Under the general requirements of the AODA, all public sector organizations must make new self-service kiosks accessible. Moreover, private sector organizations should also take accessibility into account when they design, procure, or acquire new kiosks. Accessible self-service kiosks allow organizations to serve more customers.
What are accessible self-service kiosks?
Self-service kiosks are electronic terminals that users can interact with. Customers or clients can use them to access products or services without staff assistance. For instance, people now use self-service kiosks to:
- Check out at stores
- Order food at restaurants
- Buy tickets at theatres
- Check in at airports
- Print ID cards in government offices
- Withdraw money from bank accounts
Technical Features of Accessible Self-Service Kiosks
Self-service kiosks should have technical features so that everyone can use them on their own. For instance, good colour contrast on display screens makes kiosks accessible for people with visual impairments. Similarly, audio output allows people with print disabilities to hear the instructions on the screen. Likewise, speech input gives people the chance to operate kiosks by voice. Furthermore, accessible kiosks should allow extra time for people to complete tasks. This feature benefits people with various disabilities who may need more time to process and respond to the kiosk’s instructions.
Structural Features of Accessible Self-Service Kiosks
Self-service kiosks should also have accessible structural features.
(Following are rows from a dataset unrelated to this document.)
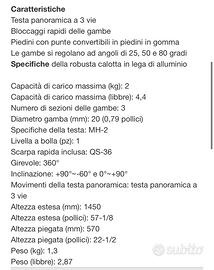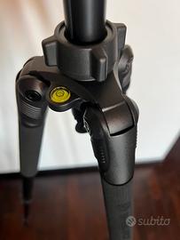 Gambe regolabili fino 25 gradi. Anello di serraggio che consente la regolazione della colonna e anello antiurto che previene le vibrazioni della fotocamera. Livella a bolla, gancio staccabile per la colonna centrale per agganciare più peso e garantire maggiore stabilità, piedini in gomma antiscivolo, blocchi rapidi delle gambe, attacco rapido rimovibile e due impugnature in schiuma.
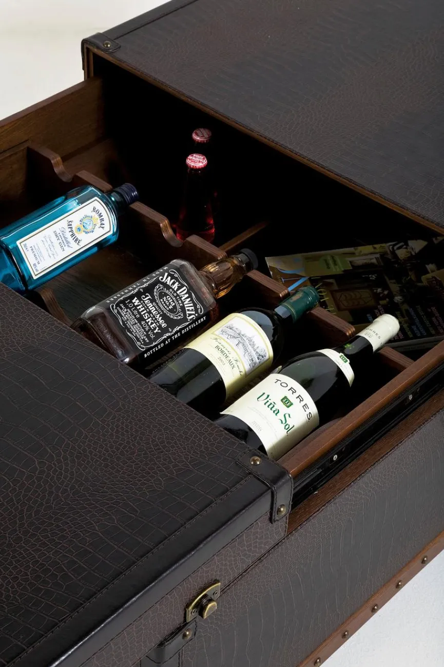 - Korpus aus Holzwerkstoff (MDF), Bezug aus pflegeleichter Lederoptik mit Krokoprint in braun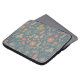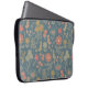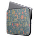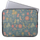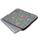 このラップトップスリーブは、デニムブルーの背景にサンゴ色とオリーブグリーン色の色合いで様式化された花を特徴としている。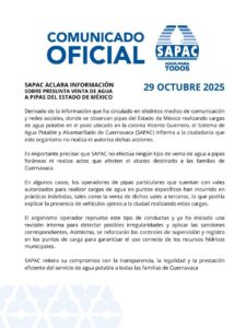 Es importante precisar que SAPAC no efectúa ningún tipo de venta de agua a pipas foráneas ni realiza actos que afecten el abasto destinado a las familias de Cuernavaca.

For example, kiosks should be at a height customers can reach using assistive devices, such as wheelchairs or scooters. In addition, kiosks should be stable. Finally, kiosks should have tactile keyboards, as well as headphone jacks and volume controls. These features allow people using a kiosk’s speech output to do business quietly and confidentially.
More and more businesses now offer self-service kiosks as an extra service option for customers or clients. However, this service option is not always open to everyone. Many customers or clients cannot use these new devices. Instead, they must continue to rely on staff to serve them, even when less staff members are working. Businesses designing or purchasing new kiosks should make sure that all customers or clients can use them.